Stick with what you're comfortable with and what works for you in your area and for the fish you target. I would still use 6 lb for drop shot and maybe bump up to 8 lb for Texas, Carolina, Lindy, etc...... As far as casting distance, I generally work close to the shore line or identified structure, cribs, ponts, ertc. and distance isn't an issue. Actually, 40 yards seems extremely long, even for a lure (top water, deep runner or anything in-between) for the places I fish?? If I'm fanning an area with an artificial, I'm usually only putting it out there maybe 15-20 yards max (usually less). I'll bump up to 12 lb for trolling (for bass, walleyes etc., obviously much larger for deep water large fish) and be back maybe 25-40 yards depending on conditions & speed.

Anyway, seems like you do fine with your line & method for your targeted fish and location - I wouldn't change a thing....


----------



## shootisttx (Dec 1, 2008)

The only flouro I have used is Berley Transition...seemed very wiry and brittle to me, so I stripped it all off and have gone to Sufix Elite mono and various braids...am I missing the boat here?

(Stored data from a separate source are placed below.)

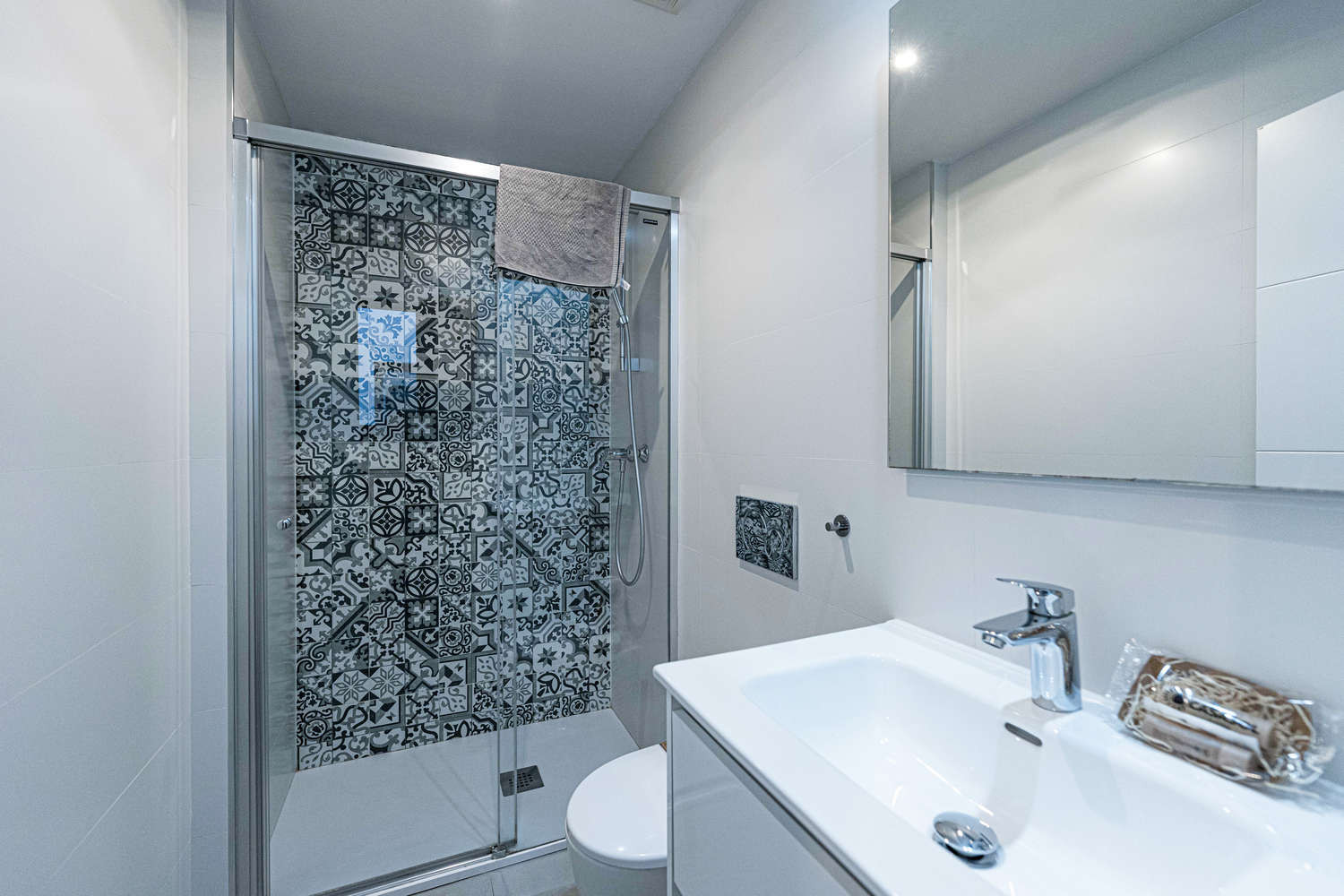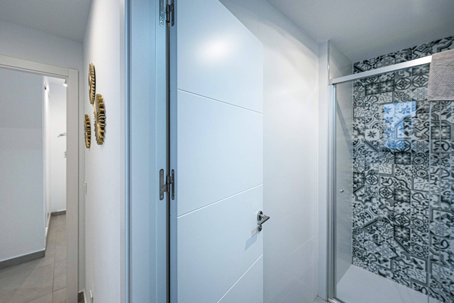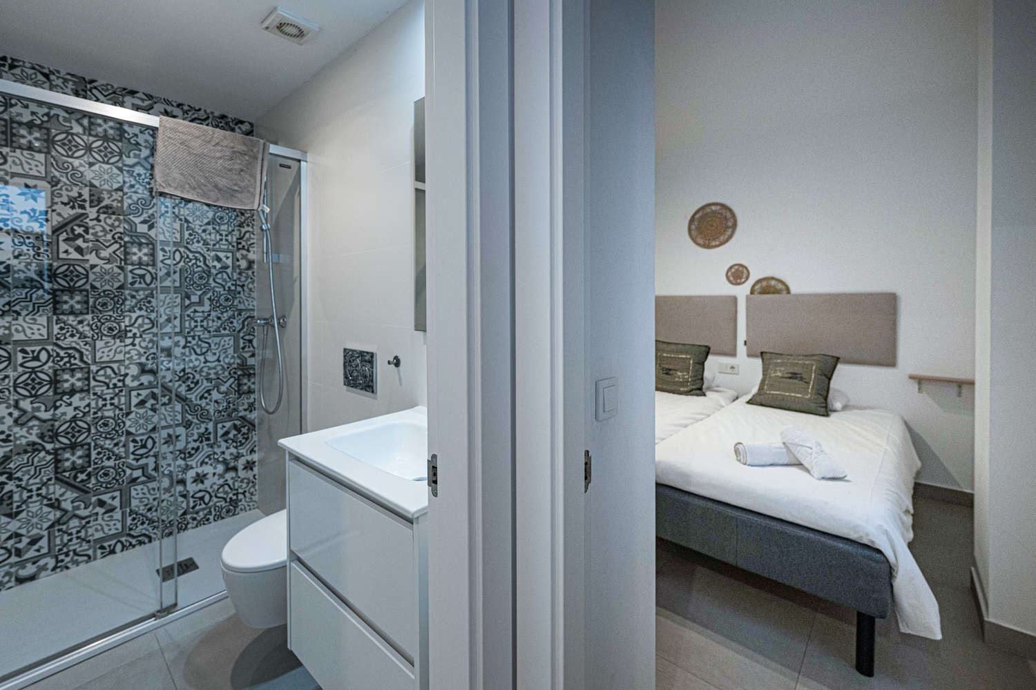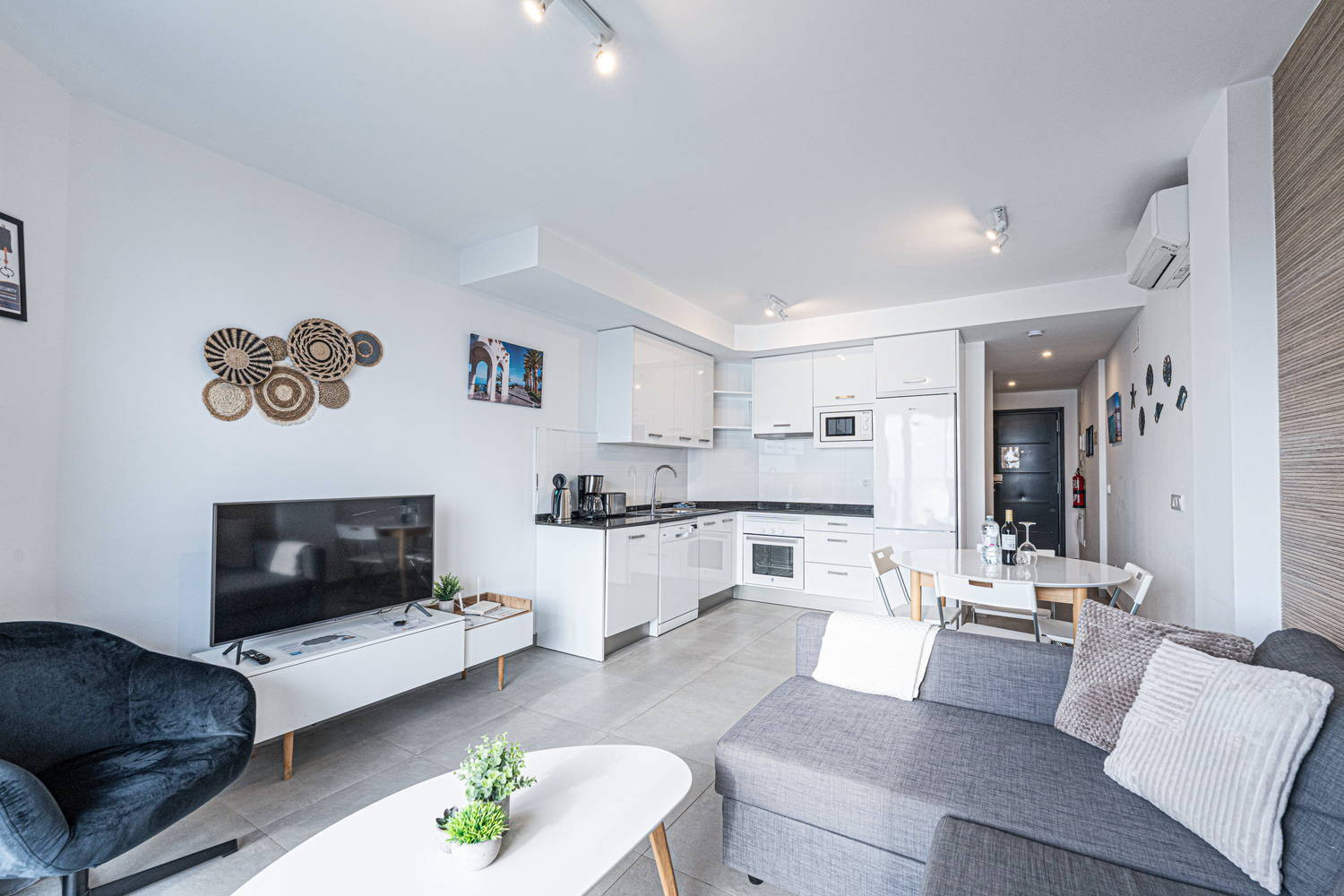 The flat has two bedrooms and two bathrooms: one with a king size bed and private bathroom, and another bedroom with bunk beds. It also has a fully equipped modern kitchen with state-of-the-art appliances, perfect to make you feel at home during your holiday.
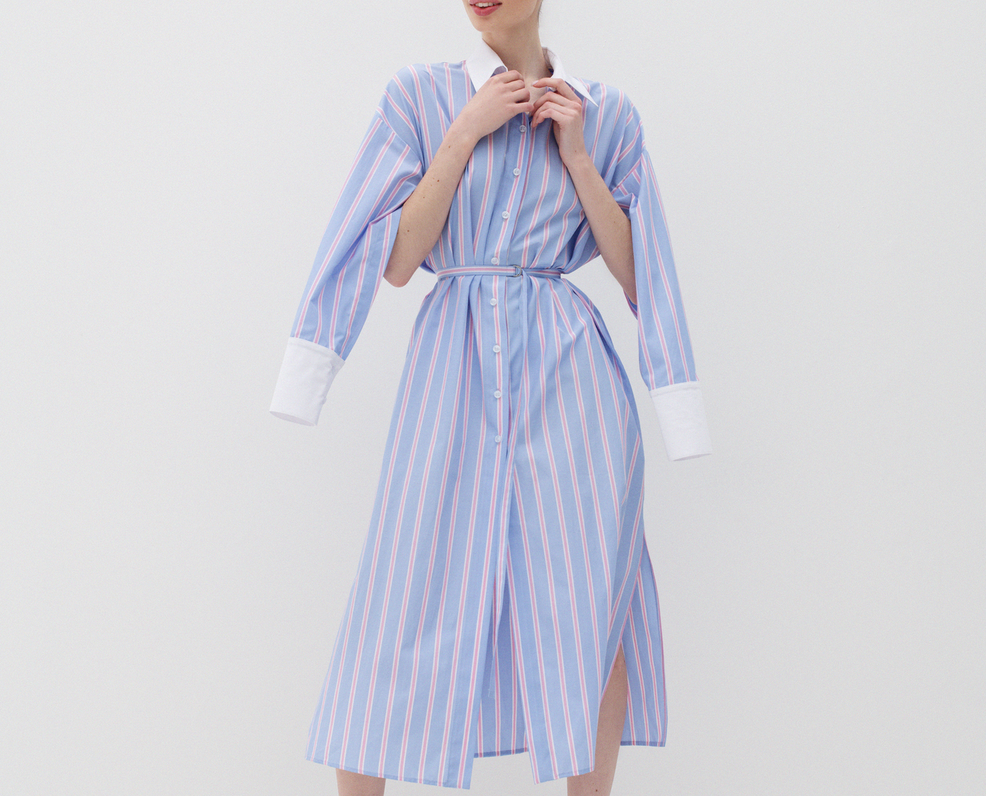 Для летней капсулы «Розовое небо» вдохновением послужило чистое уральское небо, которое летом окрашивается в пастельную палитру от ясного дневного голубого до розового оттенка заката. Капсула состоит из легких хлопковых сарафанов длины на любой вкус - от мини до макси, актуального платья-рубашки, переосмысленной футболки-тельняшки, стеганой куртки для прохладных вечеров, бестселлера бренда - вязаной туники в сетку, а также других моделей в нежных оттенках пастели и лазури.
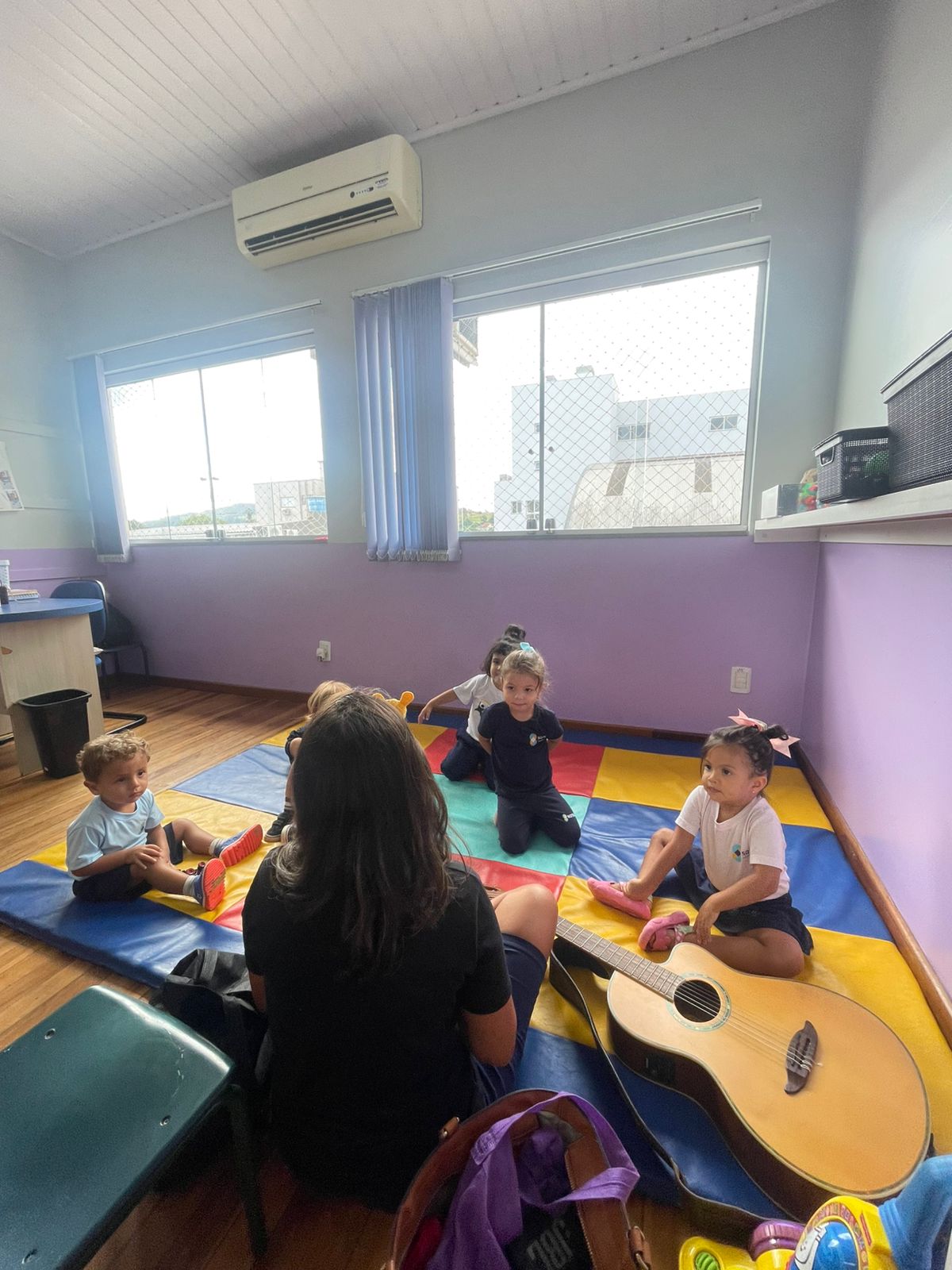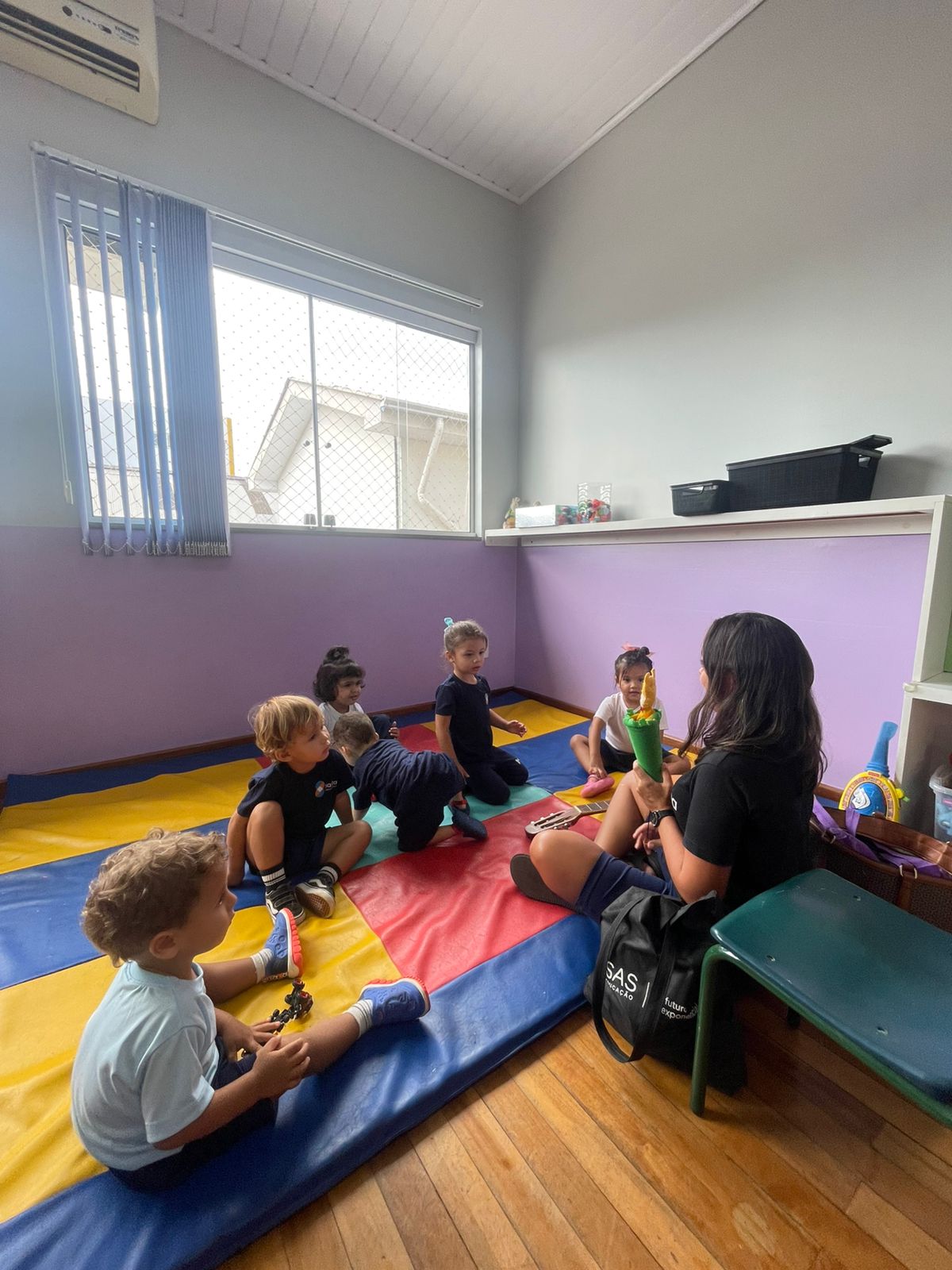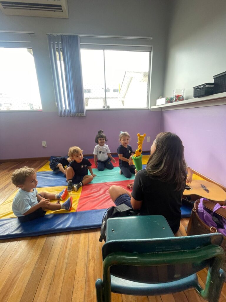 Na aula de Música, a turma do Maternal teve um momento especial ao conhecer a nova amiga: a Girafa. De forma lúdica e divertida, as crianças exploraram sons, ritmos e movimentos, tornando a aprendizagem musical ainda mais encantadora e cheia de descobertas.

I fish lipless cranks and spinnerbaits about 80% of the time, the rest with plastics...I know to use mono with topwaters.


----------



## russ010 (Dec 1, 2008)

That Berkly Transition is a lot of crap in my opinion.. I've tried it numerous times in different lb ratings and never was satisfied. I use fluoro for everything because it sinks faster than mono. With cranks, it will generally give you about an additional foot of cranking depth, worms will fall faster, so most time you don't need a larger weight if Texas Rigged. As far as topwater - I still use fluoro - but this is only because I don't do too much topwater fishing.

Triple Fish was my main Fluorocarbon, but where I buy it from is discontinuing selling because not every batch is up to snuff and they (Triple Fish) won't refund bad spools. That's when he turned me to Seguar fluoro and I don't plan on turning back, esp for $13 per 200yds. I can probably find it cheaper online, but I like to test the first yard of any spool that I buy. I'll pull off about a yard of line, tie an overhand knot in the center then pull it to see if it breaks easy. If it breaks, I put it back - if it doesn't it goes in the shopping cart.


----------